## [Supplied entries]
_ _ _

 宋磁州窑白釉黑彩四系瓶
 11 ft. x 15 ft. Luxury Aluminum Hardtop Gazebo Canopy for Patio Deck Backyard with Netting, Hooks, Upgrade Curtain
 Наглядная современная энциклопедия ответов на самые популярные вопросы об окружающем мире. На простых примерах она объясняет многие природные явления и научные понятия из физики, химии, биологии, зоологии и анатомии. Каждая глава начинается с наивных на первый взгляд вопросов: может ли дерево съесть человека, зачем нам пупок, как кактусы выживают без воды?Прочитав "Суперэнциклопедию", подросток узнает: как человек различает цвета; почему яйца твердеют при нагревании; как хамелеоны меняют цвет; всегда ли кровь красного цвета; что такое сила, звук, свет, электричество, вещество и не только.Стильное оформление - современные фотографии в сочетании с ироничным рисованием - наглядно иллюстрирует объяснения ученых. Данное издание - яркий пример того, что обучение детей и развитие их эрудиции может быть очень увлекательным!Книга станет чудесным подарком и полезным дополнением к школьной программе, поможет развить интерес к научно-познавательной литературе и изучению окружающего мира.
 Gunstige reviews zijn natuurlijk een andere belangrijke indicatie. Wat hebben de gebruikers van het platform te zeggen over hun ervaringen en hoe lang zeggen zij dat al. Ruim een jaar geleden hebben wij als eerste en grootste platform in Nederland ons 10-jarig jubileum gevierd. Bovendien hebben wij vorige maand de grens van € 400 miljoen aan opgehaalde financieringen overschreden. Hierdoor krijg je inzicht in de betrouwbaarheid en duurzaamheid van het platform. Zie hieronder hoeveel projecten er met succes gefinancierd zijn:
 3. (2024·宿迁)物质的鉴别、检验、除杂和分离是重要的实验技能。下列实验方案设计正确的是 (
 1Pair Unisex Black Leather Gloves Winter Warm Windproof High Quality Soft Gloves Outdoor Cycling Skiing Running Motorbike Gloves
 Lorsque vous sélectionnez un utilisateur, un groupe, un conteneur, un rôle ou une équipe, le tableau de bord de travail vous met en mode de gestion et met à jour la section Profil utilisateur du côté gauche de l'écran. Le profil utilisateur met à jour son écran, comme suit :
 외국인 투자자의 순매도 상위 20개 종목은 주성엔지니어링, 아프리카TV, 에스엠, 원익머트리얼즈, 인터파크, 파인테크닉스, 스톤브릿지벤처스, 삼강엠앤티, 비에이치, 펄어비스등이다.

_ _ _

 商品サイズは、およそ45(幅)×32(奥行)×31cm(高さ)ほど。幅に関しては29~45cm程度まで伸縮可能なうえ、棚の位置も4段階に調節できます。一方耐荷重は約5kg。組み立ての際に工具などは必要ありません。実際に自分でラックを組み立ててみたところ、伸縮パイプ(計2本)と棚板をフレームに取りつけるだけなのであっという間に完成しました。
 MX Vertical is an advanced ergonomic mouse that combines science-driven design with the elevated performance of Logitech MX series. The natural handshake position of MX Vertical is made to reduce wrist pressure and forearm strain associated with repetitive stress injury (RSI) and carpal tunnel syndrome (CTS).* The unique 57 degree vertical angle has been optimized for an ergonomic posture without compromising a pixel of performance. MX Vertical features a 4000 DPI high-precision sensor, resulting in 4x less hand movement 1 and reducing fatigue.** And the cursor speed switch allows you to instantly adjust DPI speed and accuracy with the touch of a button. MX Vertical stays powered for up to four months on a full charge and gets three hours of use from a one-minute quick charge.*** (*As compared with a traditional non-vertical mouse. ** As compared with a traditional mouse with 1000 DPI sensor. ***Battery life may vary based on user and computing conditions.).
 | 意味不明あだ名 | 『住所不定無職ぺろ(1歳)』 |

_ _ _

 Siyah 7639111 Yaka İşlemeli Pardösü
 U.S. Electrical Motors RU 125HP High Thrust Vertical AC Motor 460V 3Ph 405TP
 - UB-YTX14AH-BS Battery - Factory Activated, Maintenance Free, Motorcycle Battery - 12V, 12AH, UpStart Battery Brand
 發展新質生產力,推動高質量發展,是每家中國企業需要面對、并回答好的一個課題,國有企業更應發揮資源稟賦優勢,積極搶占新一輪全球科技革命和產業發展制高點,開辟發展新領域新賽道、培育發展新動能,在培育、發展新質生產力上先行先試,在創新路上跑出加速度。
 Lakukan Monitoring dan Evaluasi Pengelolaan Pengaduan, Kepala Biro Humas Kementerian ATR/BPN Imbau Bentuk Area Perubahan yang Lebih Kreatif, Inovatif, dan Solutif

_ _ _

## [Exercise objective]
Copy exactly the stretch of data above from the line with "宋磁州窑白釉黑彩四系瓶" through the line with "11 ft. x 15", and omit all other lines.

## [Solution]
 宋磁州窑白釉黑彩四系瓶
 11 ft. x 15 ft. Luxury Aluminum Hardtop Gazebo Canopy for Patio Deck Backyard with Netting, Hooks, Upgrade Curtain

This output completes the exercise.